人にはいつか、必ず死が訪れます。しかし、それがもし家族だったとしたら、どれだけつらいことでしょうか。緩和ケア病棟では、患者さんとご家族との関わりにおいて非常に重要な『グリーフケア』と呼ばれる取り組みが行われています。
今回は、緩和ケア病棟で働く看護師 ・ナースの大森ちゃん(@lemoned_nurse)をゲストに、グリーフケアの実際についてお聞きしました。
参加者
大森(Ns)
緩和ケアと他の領域を繋ぎたいと思っている緩和ケア病棟看護師。
大前(Ns)
ICU看護師。緩和ケア領域のケアが急性期の「死」に対するケアにも生かせるはずと座談会に参加。
坂場(OT)
精神科に従事している作業療法士。グリーフケアって何?という状態で参加。
REN(PT)
外来整形外科勤務の理学療法士。患者さんに寄り添うためにグリーフケアの考え方を知りたい。
『グリーフケア』ってなに?
大前(Ns)
今回は緩和ケア病棟で働く看護師の大森さんを招き、グリーフケアについて話していきたいと思います。早速ですが、RENさん、坂場さんは『グリーフケア』という言葉を耳にしたことはありますか?
いやー、お恥ずかしながらまったく知らなかったです。
REN(PT)
僕も同じく、聞いたことがありませんでした。普段は精神科で働いていますが、グリーフケアという概念はないですね。
坂場(OT)
大森(Ns)
そうですよね。『グリーフケア』は、緩和ケア領域ではよく耳にしますが、他の領域では看護師でもなじみのない言葉だと思います。
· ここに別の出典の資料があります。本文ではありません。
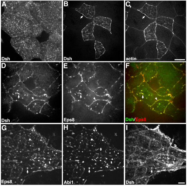 Figure 6. Dsh is recruited to the plasma membrane and actin filaments in response to Eps8 expression. Distribution of Dsh-GFP (A,B,D, green in F), actin (C), Eps8-myc (E,G, red in F), Abi1-GFP (H), and Dsh-flag (I) in Xenopus animal cap cells. (A) Localization of Dsh-GFP in control animal caps. (B,C) In response to Eps8 expression, Dsh is recruited to the membrane and cell-cell junctions in superficial epithelial cells where it co-localizes with actin (arrows). (D-F) In deep cells facing the blastocoel, Eps8 induced the recruitment of Dsh to cytoplasmic actin cables and the cell cortex where Dsh co-localized with Eps8 (co-localization appears yellow). (G-I) Co-localization of Eps8, Abi1, and Dsh in animal caps cells (arrows mark site of co-localization). Scale bars are equal to 10 μm.
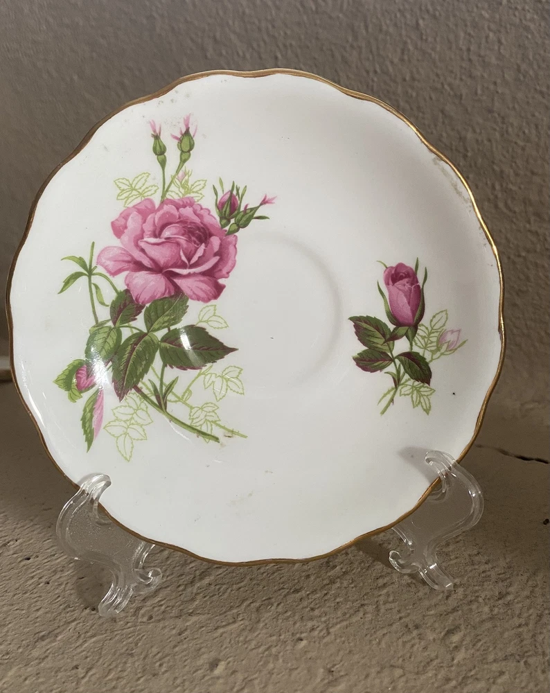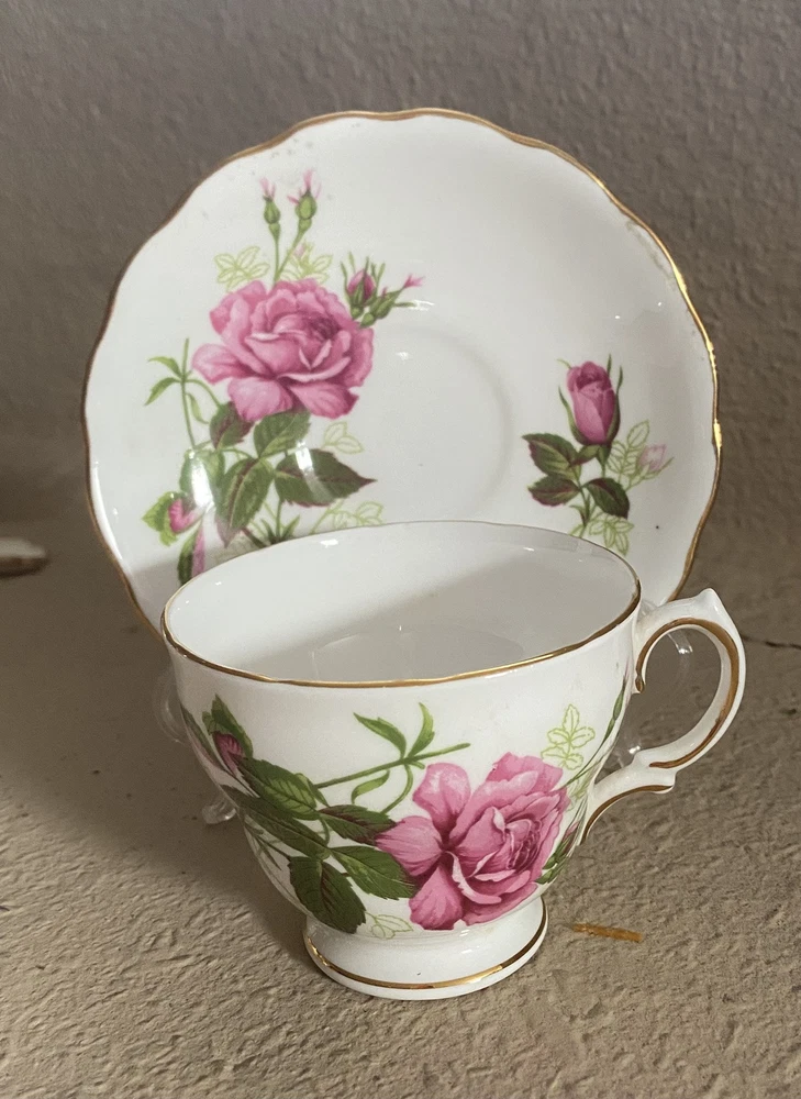 The Royal Vale Large Pink Rose teacup set is a vintage collectible made of delicate Bone China. Adorned with a charming Roses pattern in a soft pink hue, this elegant set is perfect for adding a touch of sophistication to any tea time or dining experience. The Royal Vale brand is known for its quality craftsmanship and timeless designs, making this teacup set a beautiful addition to any kitchen or home decor collection.

グリーフって“悲しみ”という意味ですから、大切な人の死などの悲しみに対するケアみたいなイメージを持っていました。
REN(PT)
大森(Ns)
そうですね。グリーフケア=死別悲嘆ケアではありませんが、現状では死別に対して使われることが多いです。「グリーフ=悲しくて泣く」と思われることが多いようですが、反応の種類も程度も人それぞれで、時間とともに変動するんです。RENさんや坂場さんは、身体機能を喪失した患者さんと関わることが多いと思いますが、そうしたケアもグリーフケアに含まれると考えています。
なるほど、たしかに喪失感を抱えている患者さんは多いです。知らずのうちに、グリーフケアに関わっていたんですね。そう考えると身近に感じます!
坂場(OT)
大森(Ns)
そうなんです! 聞きなじみがなくても、患者さんと関わることで、自然とグリーフに触れていると思います。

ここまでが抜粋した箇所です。